He’s endured five divorces, a painkiller addiction, cancer, being framed for murder, being kidnapped, being shot and having a heart attack. But through all those terrible moments, he never once let his grooming slip. Until now.
Shortland Street fans are about to see Dr Chris Warner as we’ve never seen him before: hopeless, heartbroken, but above all, hairy. For the past 32 glorious years, Dr Love’s smooth reputation – both of face and spirit – has seen him conquer corporate mountains and woo women with little more than the irresistible power of a clean shave and a rousing chorus of “Anchor Me”.
But no more. With Chris’ son Harry recently exposed as a fake doctor and a murderer – and with Chris helping Harry secretly flee the country – we last saw Chris leaving Shortland Street hospital in a cloud of shame. He was fired from the job he loved as a public punishment for the sins of his son, and quietly disappeared from Ferndale, presumably never to be seen again.
Until two weeks later, that is. Tonight, Chris (played by Michael Galvin) makes a much-heralded return to Shortland Street, but as a shell of his former self. You may not even recognise him in the solitary image Shortland Street has teased us with. He’s only been away for two weeks, but in soap years, that’s a lifetime.
In facial hair years, it’s even longer.
If eyes are the window to the soul, then hair must be the front door to the heart, and it seems we finally found Chris Warner’s breaking point. Never before has the super surgeon looked this disheveled and unkempt, even though he’s endured thousands of catastrophic events over the years: five divorces, a painkiller addiction, framed for murder, diagnosed with cancer, kidnapped, shot and had a heart attack. But through all those terrible moments, he never once said goodbye to his grooming routine. Even when he fell off a flying fox, Dr Love kept it together.
Until now. Please tell me that is not your facial hair, Chris Warner.
“Well, Chris has had some very bad things happen to him,” Galvin and his beard forewarned The Spinoff last year. “But this time it’s really bad, and he gives up on his personal appearance and on caring about the hospital.” Galvin couldn’t be more excited to play this never-seen-before side to Chris, who he says returns to Ferndale with “nothing but disdain for everyone”.
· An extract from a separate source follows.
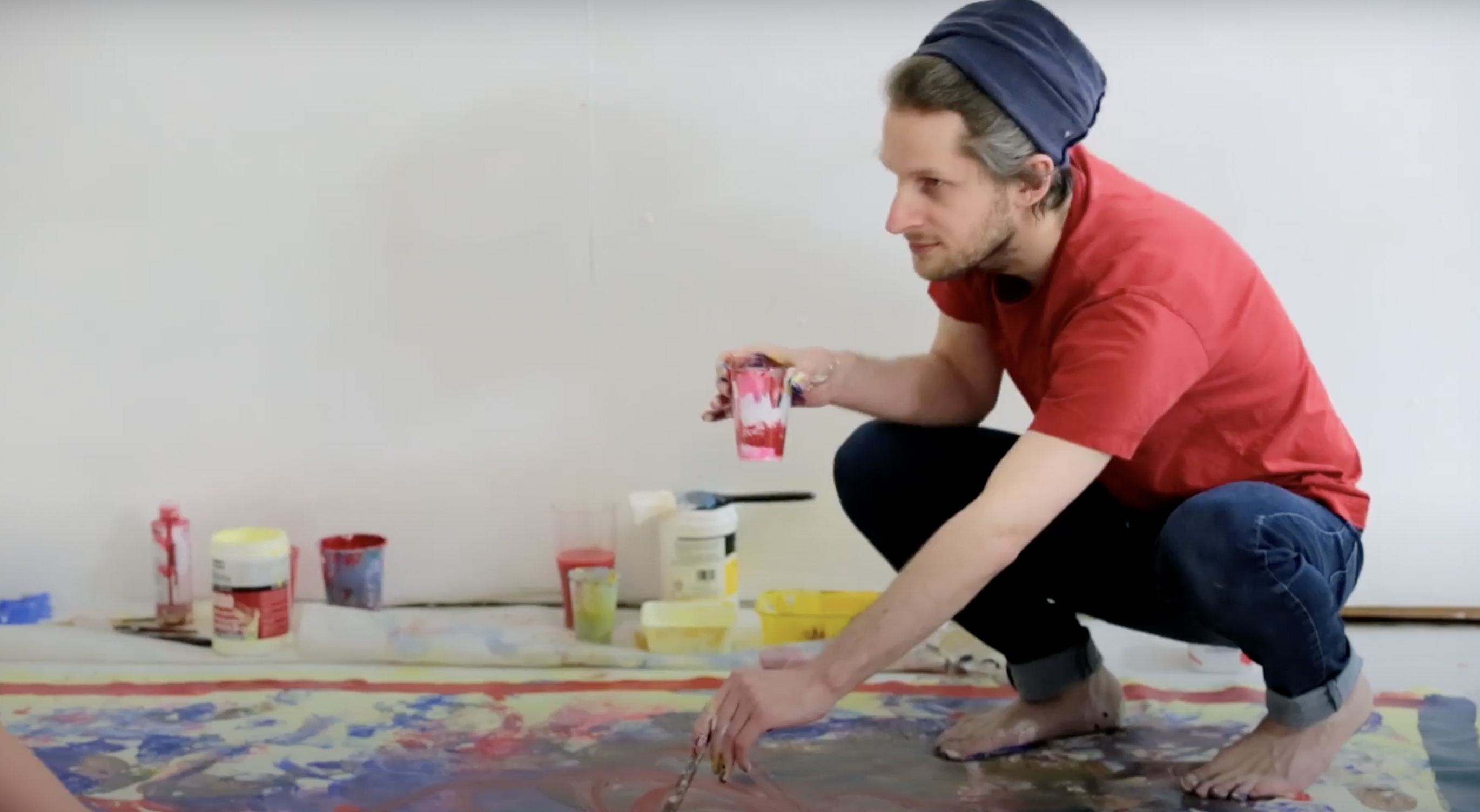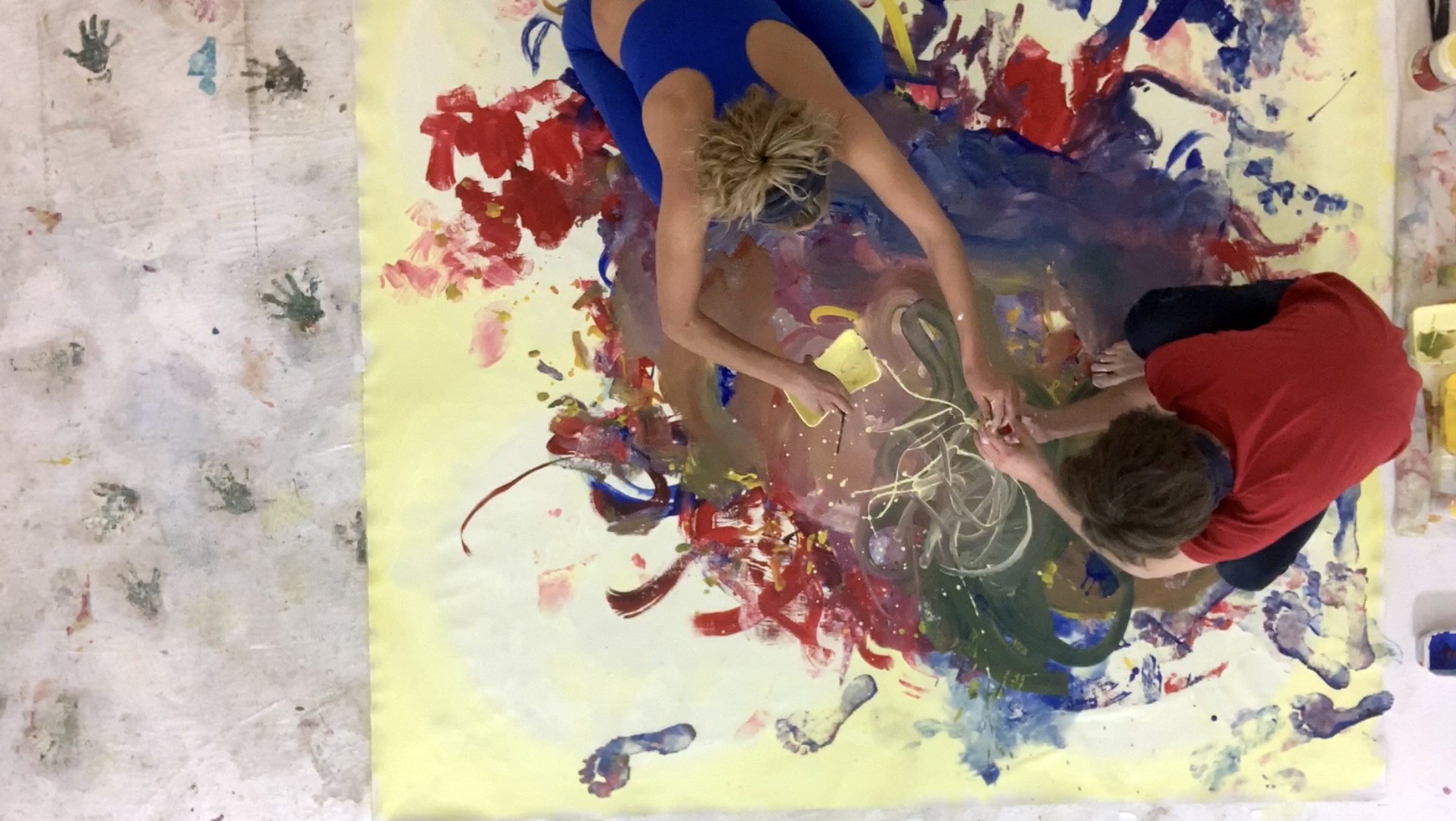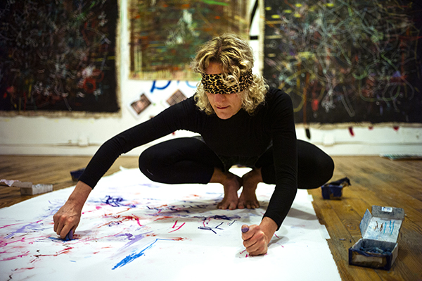 Performing brush strokes is a humanistic act - it is rooted in the body. “Follow a set of patterns, rather than have expectations”, says Claire. She finds pleasure in the surprise outcome and this is reinforced by experiments such as painting in the dark with a cellist playing in the room, or painting blindfolded among dancers and improvising poets, or painting her bear feet and dancing on paper.

It’s clear that Chris and his grubby jacket have plummeted into a furry chasm of self-pity and regret. His children hate him, his career is ruined, he’s run out of women to marry and, judging by this photo, has only his pyjama pants for company. The former CEO is wearing a T-shirt, for crying out loud. All that existential anguish is seeping through his face, one prickly bristle at a time.
And yet, that beard makes perfect sense. Whiskers Warner has done what thousands of men before him have also done, which is to grow a crisis beard. I searched a stock photo library for “upset man” and discovered that approximately 95.78% of the photos featured an abundance of facial hair. If that doesn’t make you think, then consider every famous man you know. Does he have a) feelings and b) a beard? Of course he does. Prince Harry refused to shave his beard off for the Queen, and ended up on Oprah talking about his chickens. As for Santa Claus? Maybe not as jolly as you think.
Chris Warner is not alone. His new beard is a comfort blanket of the soul, a radical symbol of metamorphosis – or perhaps, as one fan suggested, Chris is simply playing Jean Valjean in a local amateur production of Les Miserables. Who knows the truth? All I know is that the nights are getting cold, and those wafer-thin jarmies won’t keep Dr Love warm for long.
Shortland Street screens Monday-Friday at 7pm on TVNZ2 and streams on TVNZ+.